Donor-Advised Funds Face IRS Restrictions

Donor-advised funds (DAFs) have gained popularity as a philanthropic tool in recent years. And it isn’t surprising—DAFs offer donors a flexible giving option when they want a charitable deduction with administrative simplicity and a long-term distribution of funds.

But the IRS has indicated it suspects a number of organizations and individuals are taking advantage of DAFs. Because of this, the IRS has provided a notice that warns of tightening its restrictions on the funds.

Background

A DAF is a separately-identified and managed account that’s operated by a section 501(c)(3) public charity—a sponsoring organization—on the original donor’s behalf.

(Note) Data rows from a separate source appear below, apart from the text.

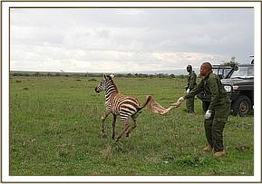 The wildlife monitoring team in Solio ranch reported two zebra with wire snares injuries on their legs. We visited the ranch on 29/11/17 to remove the snares and treat the wounds.
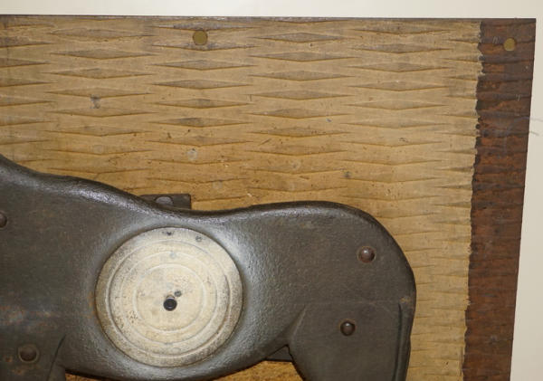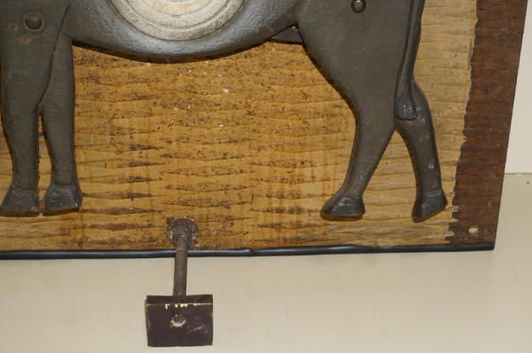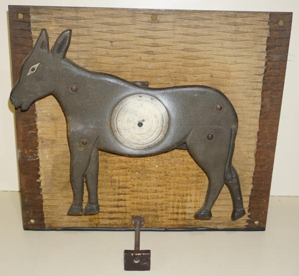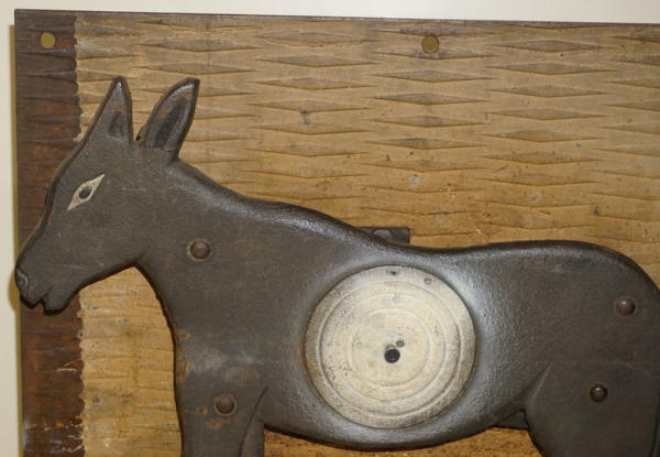 back plate is 27"x24" overall, donkey is 22" long and 18" tall, all working condition, hit the center and the leg kicks out; super heavy, probably close to 75-pounds overall; local pickup would be preferred or could be crated at the buyer's expense; fantastic piece for the collector that likes unique pieces!
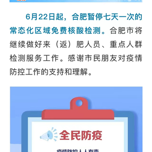 6月22日起,合肥暂停七天一次的常态化区域免费核酸检测。合肥市将继续做好来(返)肥人员、重点人群检测服务工作。

Once a donor contributes to a DAF, the sponsoring organization has legal control over the funds. The organization then invests the funds until the donor advises that they be distributed. Donors often need to follow specific guidelines when advising about the distribution of funds, but a sponsoring organization has ultimate control.

Despite the benefits DAFs offer, the charitable sector has been expecting the IRS to tighten restrictions on DAFs for some time as the most recent—and only—guidance on DAFs came with the Pension Protection Act of 2006.

Perceived Abuse of DAFs

The IRS has indicated individuals and organizations may be taking advantage of the benefits DAFs provide in the following ways:

  • To generate questionable charitable deductions
  • To provide impermissible economic benefits to donors and their families or excess management fees for promoters
  • To circumvent public support requirements of public charities
  • To provide a way for private foundations to circumvent minimum distribution requirements
  • To keep funds out of the active charitable sector by parking money in accounts where there isn’t a requirement to distribute

Next Steps from the IRS

According to Notice 2017-73, issued in December 2017, the IRS and Treasury Department are considering regulations to address perceived abuses of DAFs, including some of the above issues. The notice provides stipulations in the following areas:

Sponsorship or Membership Benefits for Donors

The notice prohibits distribution from a DAF pursuant at the advice of a donor or advisor—referred to throughout the notice as donor—if the DAF subsidizes the donor’s attendance or participation in a charity-sponsored event or membership in a charity.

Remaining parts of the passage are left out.